I myself checked with SDR# and e.g. a frequency change seems to be immediate.
Below the description (without pictures) and attached a pdf with the same description and the pictures:
The software package we currently use is GNURadio. This package communicates with the PlutoSDR by using the LIBIIO library (over usb). Below you will find a straight-forward block diagram to transmit and receive a single sine wave with the same device:
As you can see, I also implemented a numeral input variable for the local frequency (ID: carrier). When this block diagram is compiled into the corresponding python code, the following GUI is created, which allows us to change the local frequency 'on the fly':
In the waterfall display below, we can see the FFT plot over time where the amplitude is represented by a color.

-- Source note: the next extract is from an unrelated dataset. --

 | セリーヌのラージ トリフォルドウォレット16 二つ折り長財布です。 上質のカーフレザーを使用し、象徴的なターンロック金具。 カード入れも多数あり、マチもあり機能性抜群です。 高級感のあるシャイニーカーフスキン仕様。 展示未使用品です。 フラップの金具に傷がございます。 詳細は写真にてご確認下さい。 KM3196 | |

I think this is where the miscommunication happened; Whenever the local frequency is changed, the device cannot transmit or receive any samples to or from the device for ~1 second (between ~5.1 and ~5.2 seconds in the graph below). We called this a 'reboot' in our previous e-mail because the device is unresponsive for a noticable amount of time, but we probably should have called it an 'unavailability' since the device is not actually rebooting, but merely changing the local frequency attribute.

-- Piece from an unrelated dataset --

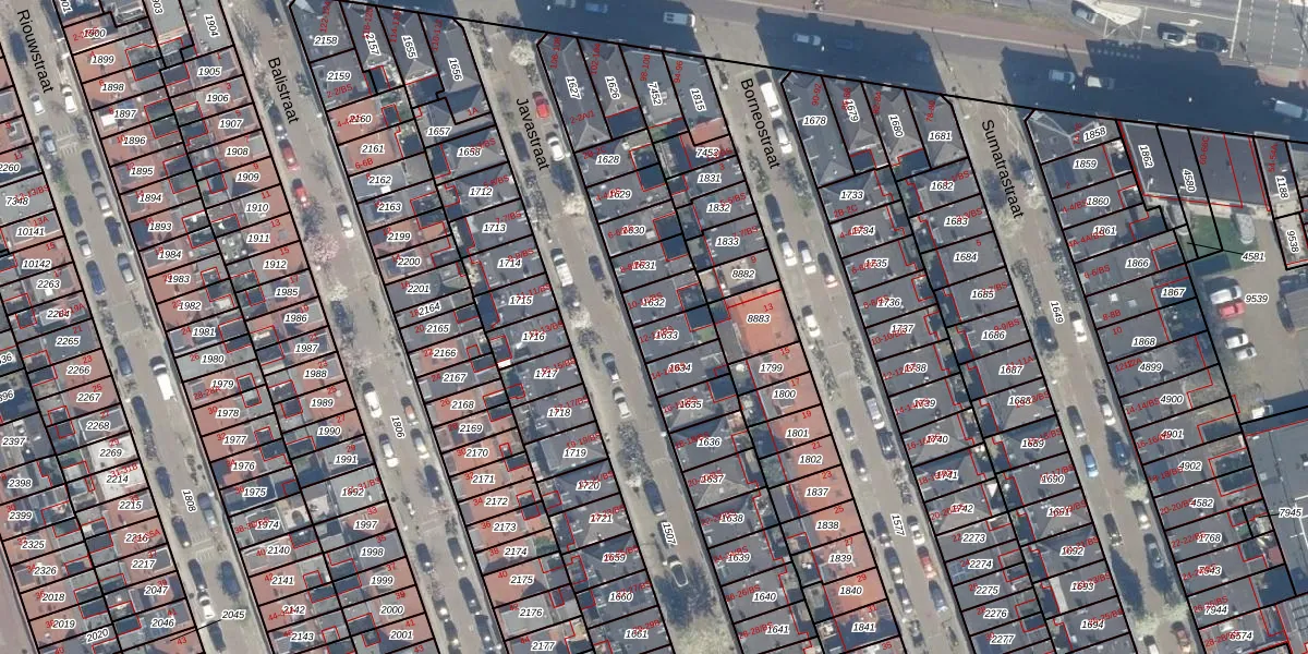 Het perceel waarop Javastraat 12 staat heeft een oppervlakte van 66 m². Dit is een klein perceel. De perceeloppervlakte wordt geregistreerd door het Kadaster. Gedetailleerde informatie over de maten van dit perceel kunt u vinden in het rapport Kadastrale kaart met maatvoering van Javastraat 12.

Our purpose is to have many adalm plutos communicate with each other over a set of carrier frequencies. For this to happen, each unit needs to claim an available (unused) frequency and do a frequency sweep to find other devices transmitting on other frequencies. If we need one second to switch per frequency, the sweeping process will take too long. We need to get this 'transition' time down to a few milliseconds - preferably even less - otherwise the device won't be usable for our purpose.

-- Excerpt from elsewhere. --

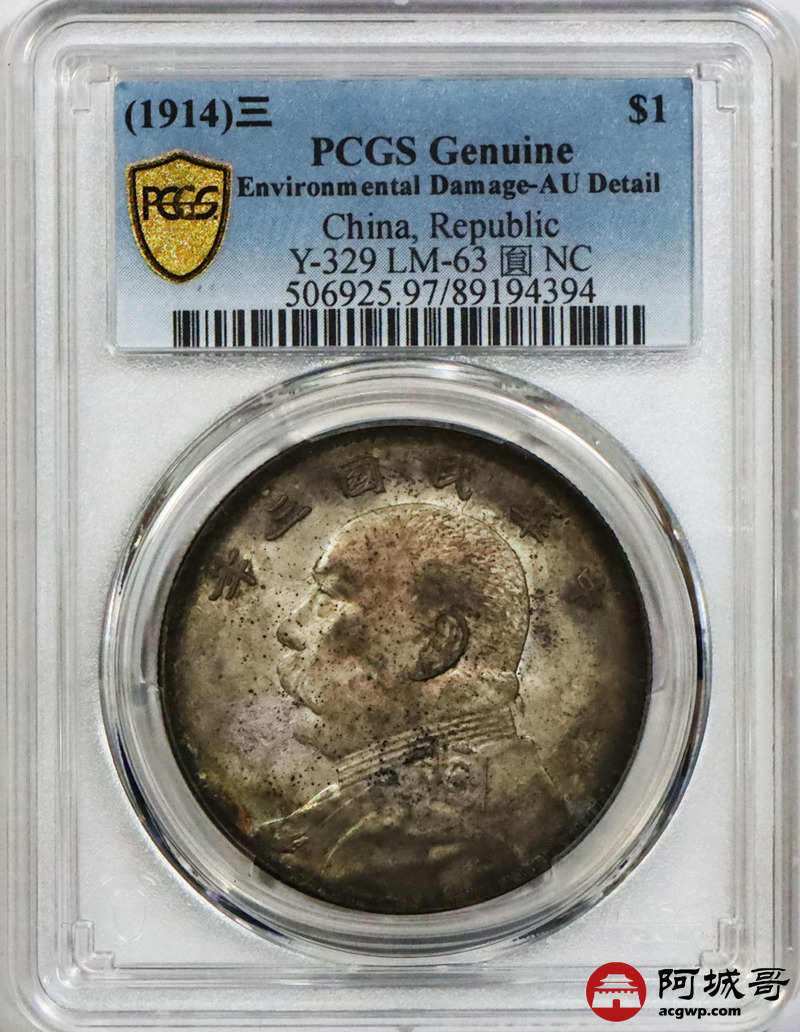 Lot:1830 1914民国三年袁世凯像壹圆银币一枚,原味 PCGS AU97评级编号:89194394

I looked through the code and found the following:
The python function that we get from GNURadio to change the local frequency is this:
[python def set_carrier]
The 'set_params' method above calls the following C function from the gr-iio library: https://github.com/analogdevicesinc/gr-iio/blob/85cf3200691ddf57f84001f0489f0a0ce4c34532/lib/pluto_sink_impl.cc#L66
If I follow the chain of all functions that call each other, the C function linked from the gr-iio repository above links back to this command from the libiio repository: https://github.com/analogdevicesinc/libiio/blob/560027bfa271c7c994ca5c383c9030f26a5b1d88/examples/ad9371-iiostream.c#L95
Assuming I observed this chain of functions correctly, does that mean that since GNURadio is directly writing the lo_fr (local frequency) attribute to the ad9371 chip using the libiio library, that there is no more optimal or faster way of doing this? Does this mean that we are stuck with the delay of 1 second to change between frequencies? Is this a limitation by the method of communicating between the petalinux mcu with the ad9371 chip inside the adalm pluto or a limitation from communicating with the device externally over usb? Is there other software we can use (than GNURadio) that allows us to do a frequency sweep at a higher speed?
Could you please help with how to getting the settling of settings for the Pluto fast?